Blog #3 - Life As I Know It
Based off Chapters 16-22
I write these words in a time when
grief and glory are mingled together, and it is hard to tell which weighs
heavier upon my heart. So much has unfolded in the lands, and though I once
gazed upon the light of the Two Trees in Aman, now I dwell beneath a sky ever
darkened by the will of Morgoth. At times, this tale feels too vast to grasp… so
many battles, betrayals, and deaths, yet I cannot help but return in thought to
my own part within it.
The Doom of Mandos lingers over all
of us who dared to forsake the Blessed Realm. I can still recall His words on
the shores of Araman, echoing in my memory like the toll of a bell. Indeed,
those tears have fallen, and the count of them grows ever greater. When first I
heard that pronouncement, I felt defiant. Surely the might of the Noldor,
trained in the wisdom of Valinor and armed with the fire of FĂ«anor’s oath,
could overcome any doom. But now, after years of war and ruin, I perceive the
truth more clearly: it was not a curse only, but a warning born of pity. And
still, despite my fears, I cannot turn away.
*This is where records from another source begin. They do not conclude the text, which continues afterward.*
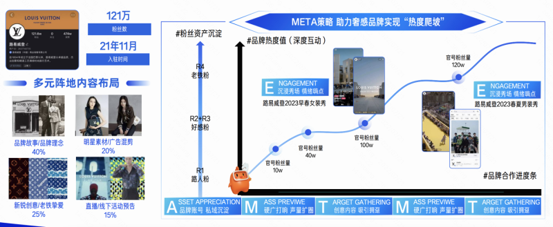 路易威登在 2021 年 11 月入驻快手,利用品牌故事、明星素材、新锐创意、活动预告等多元内容布局,倾情演绎奢品风尚,并抓住每一次时装周打造“云看秀”官方直播,持续渗透多元圈层,构建品牌阵地,收获超百万粉丝。
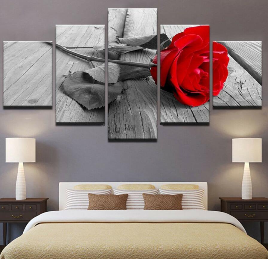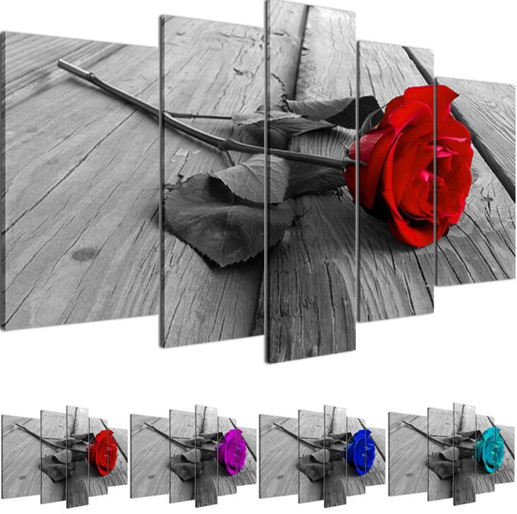 5 pcs Wall Paintings Vintage Beautiful Rose Painting Flower Pictures Frameless Poster for Living Room Wall Art Home Decor
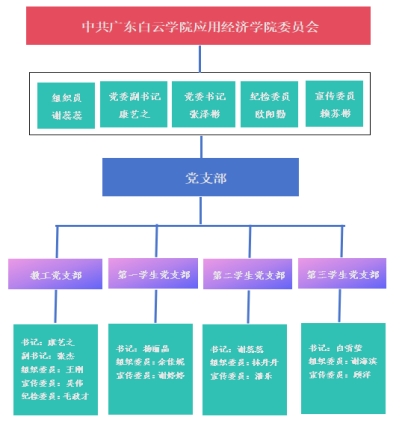 中共广东白云学院应用经济学院委员会于2025年2月获批广东省第五批“党建工作标杆院系”培育创建单位。学院党委于2017年3月成立,下设党支部4个,其中教工党支部1个,学生党支部3个。现有党员106人,教工党员32人,学生党员74人。
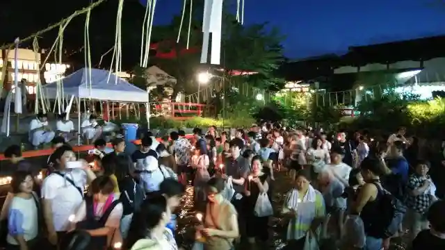 みたらし池の冷たい水に足をひたしながら蝋燭で献灯する納涼祭。
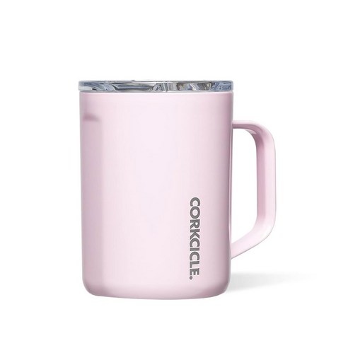 Corkcicle Sparkle 473.2ml(16온스) 커피 머그 트리플 단열 스테인리스 스틸 컵 투명 뚜껑과 실리콘 바닥 뜨거운 음료용 매트 블랙 284328
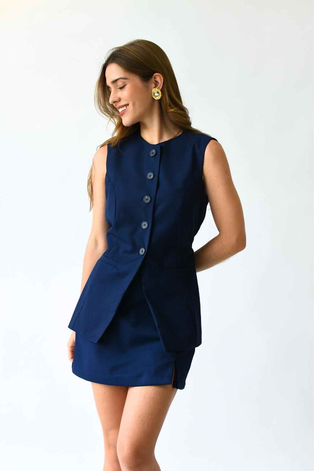 Colete Betina é a peça que vai fazer você se sentir a européia do pinterest! Confeccionado com acabamento e recortes de alfaiataria, completamente forrado, decote alto que pode ser usado aberto e botões foscos que trazem o diferencial para a peça. Combine com o nosso Short Betina para montar um look minimalista e elegante.

My greatest fear is not of death.
What I fear most is that all our striving will come to nothing, that our long
struggle will end with the dominion of darkness unchallenged, and our deeds
will be forgotten like dust scattered by the wind. So many of my kind have
already fallen. Fingolfin, noble High King, rode alone to the gates of Angband,
and there he challenged Morgoth himself. Even now, when I close my eyes, I see
the vision of him, proud and resolute, striking seven wounds upon the Dark
Enemy before he was laid low. His sacrifice was not in vain, for it showed us
all that Morgoth, though mighty, is not beyond hurt. Yet the price of that
knowledge was the loss of our king. His courage steels my resolve, but it also
reminds me how narrow the line is between hope and despair.
And yet, though the doom presses
heavily upon me, I also feel a strange confidence. I have walked beneath the
light of the Two Trees, I have heard the songs of the Vanyar, seen the
shipyards of the Teleri, and studied in the halls of Tirion. That light remains
in me, though I am far from Aman, and it cannot be wholly quenched by shadow.
When Morgoth’s darkness grows strongest, I remember that I carry within me a
fragment of the radiance of Valinor. It may be small, but it is enough to
endure.
Do I feel hopeless? At times, yes.
When word reaches me of fallen comrades or the ruin of once-fair lands, hope
flickers like a candle battered by the storm. There are moments when I wonder
if all our choices, our pride, our exile, our oaths, have led only to endless
sorrow. But even then, I remember that despair itself is Morgoth’s greatest
weapon. He would have us yield before the battle is lost. I cannot give him
that victory.
What comes next for me? Likely more hardship, perhaps even death. I do not deceive myself with dreams of sudden triumph. Yet I believe that our resistance matters. If nothing else, our songs will endure, and the memory of our defiance will live on. Perhaps the Valar will, in time, hear of our suffering and pity us. Or perhaps it will be left to those who come after us, to finish what we began.
Still, I take pride in this: though banished, though cursed, though surrounded by darkness, I have not bowed to Morgoth. We are the Tareldar, the High Elves who beheld the light of Aman, and though that light is now a memory, it yet shines within us. That memory guides my steps, and it will continue to do so until the end, whatever end awaits me.